### RECORD SET
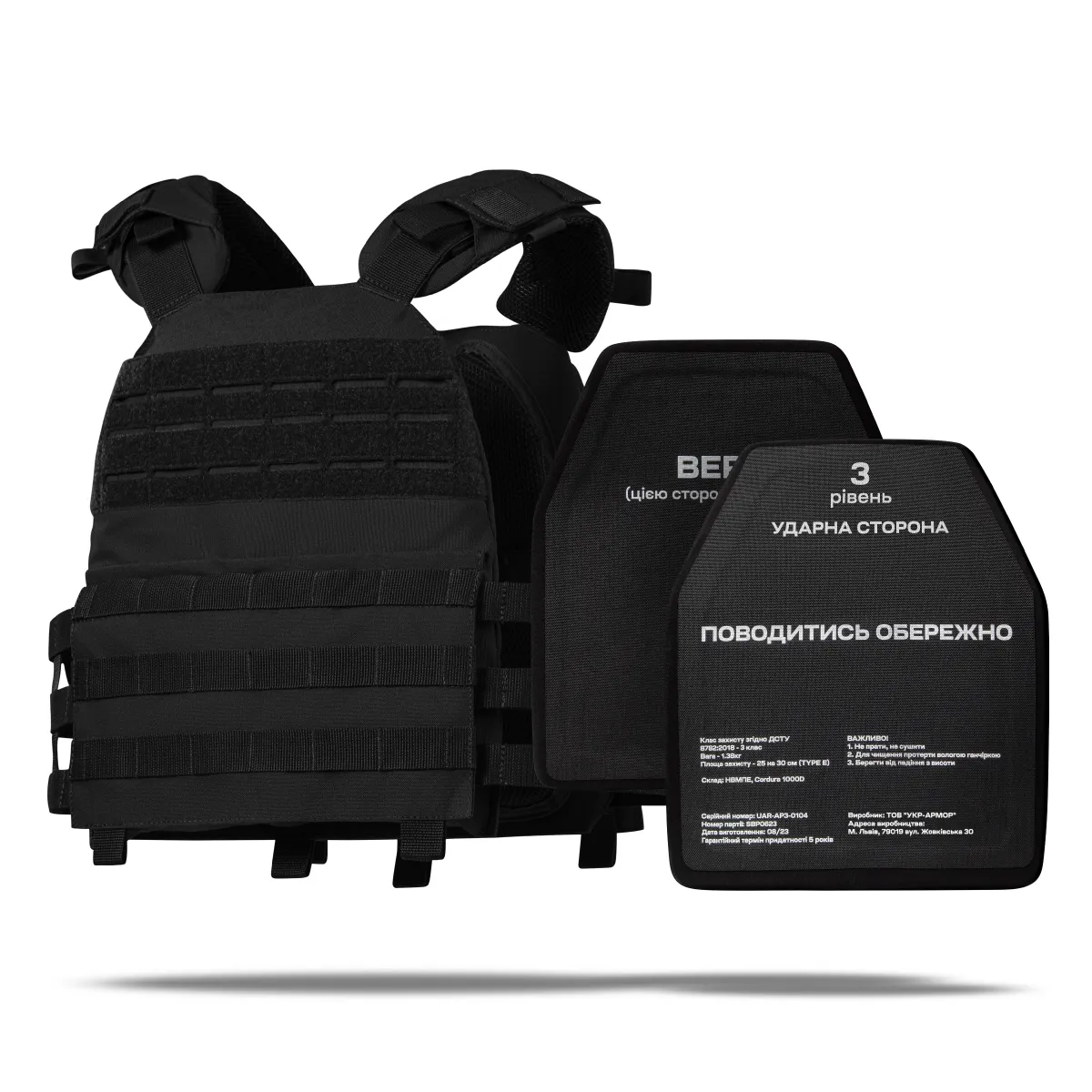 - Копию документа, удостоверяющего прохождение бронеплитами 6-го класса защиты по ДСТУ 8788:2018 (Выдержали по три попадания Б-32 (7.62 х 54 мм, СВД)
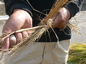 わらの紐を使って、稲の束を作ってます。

* * *

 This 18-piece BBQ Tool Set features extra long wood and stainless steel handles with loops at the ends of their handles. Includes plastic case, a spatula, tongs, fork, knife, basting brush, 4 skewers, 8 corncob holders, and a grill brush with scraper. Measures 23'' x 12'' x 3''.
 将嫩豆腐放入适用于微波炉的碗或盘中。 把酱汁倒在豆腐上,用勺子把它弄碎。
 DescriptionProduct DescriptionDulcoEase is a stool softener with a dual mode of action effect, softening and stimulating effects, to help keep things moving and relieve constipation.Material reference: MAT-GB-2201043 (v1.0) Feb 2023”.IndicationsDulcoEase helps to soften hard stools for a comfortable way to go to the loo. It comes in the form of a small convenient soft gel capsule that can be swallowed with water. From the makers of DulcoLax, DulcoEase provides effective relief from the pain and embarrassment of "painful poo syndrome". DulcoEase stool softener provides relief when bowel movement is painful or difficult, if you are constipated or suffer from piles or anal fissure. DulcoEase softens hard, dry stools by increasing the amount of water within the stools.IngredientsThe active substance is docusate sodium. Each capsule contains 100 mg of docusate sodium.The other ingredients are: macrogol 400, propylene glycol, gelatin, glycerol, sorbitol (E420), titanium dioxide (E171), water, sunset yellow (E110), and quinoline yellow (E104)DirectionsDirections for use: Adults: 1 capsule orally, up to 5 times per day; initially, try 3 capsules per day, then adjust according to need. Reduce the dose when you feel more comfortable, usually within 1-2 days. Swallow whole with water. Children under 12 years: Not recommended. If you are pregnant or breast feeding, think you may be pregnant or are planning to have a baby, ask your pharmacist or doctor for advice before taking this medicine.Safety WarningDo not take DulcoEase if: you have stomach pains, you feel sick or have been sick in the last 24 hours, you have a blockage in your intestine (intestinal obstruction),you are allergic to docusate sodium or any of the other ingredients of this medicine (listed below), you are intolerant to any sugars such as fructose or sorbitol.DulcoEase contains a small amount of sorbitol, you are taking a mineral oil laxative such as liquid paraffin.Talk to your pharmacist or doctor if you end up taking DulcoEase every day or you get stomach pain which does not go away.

### WHAT THE EXERCISE ASKS
Return, unchanged, the run of lines above that opens with the line containing "This 18-piece BBQ" and closes with the line containing "将嫩豆腐放入适用于微波炉的碗或盘中。 把酱汁倒在豆腐上,用勺子把它弄碎。". Include both.

### RESULT OF THIS EXERCISE
 This 18-piece BBQ Tool Set features extra long wood and stainless steel handles with loops at the ends of their handles. Includes plastic case, a spatula, tongs, fork, knife, basting brush, 4 skewers, 8 corncob holders, and a grill brush with scraper. Measures 23'' x 12'' x 3''.
 将嫩豆腐放入适用于微波炉的碗或盘中。 把酱汁倒在豆腐上,用勺子把它弄碎。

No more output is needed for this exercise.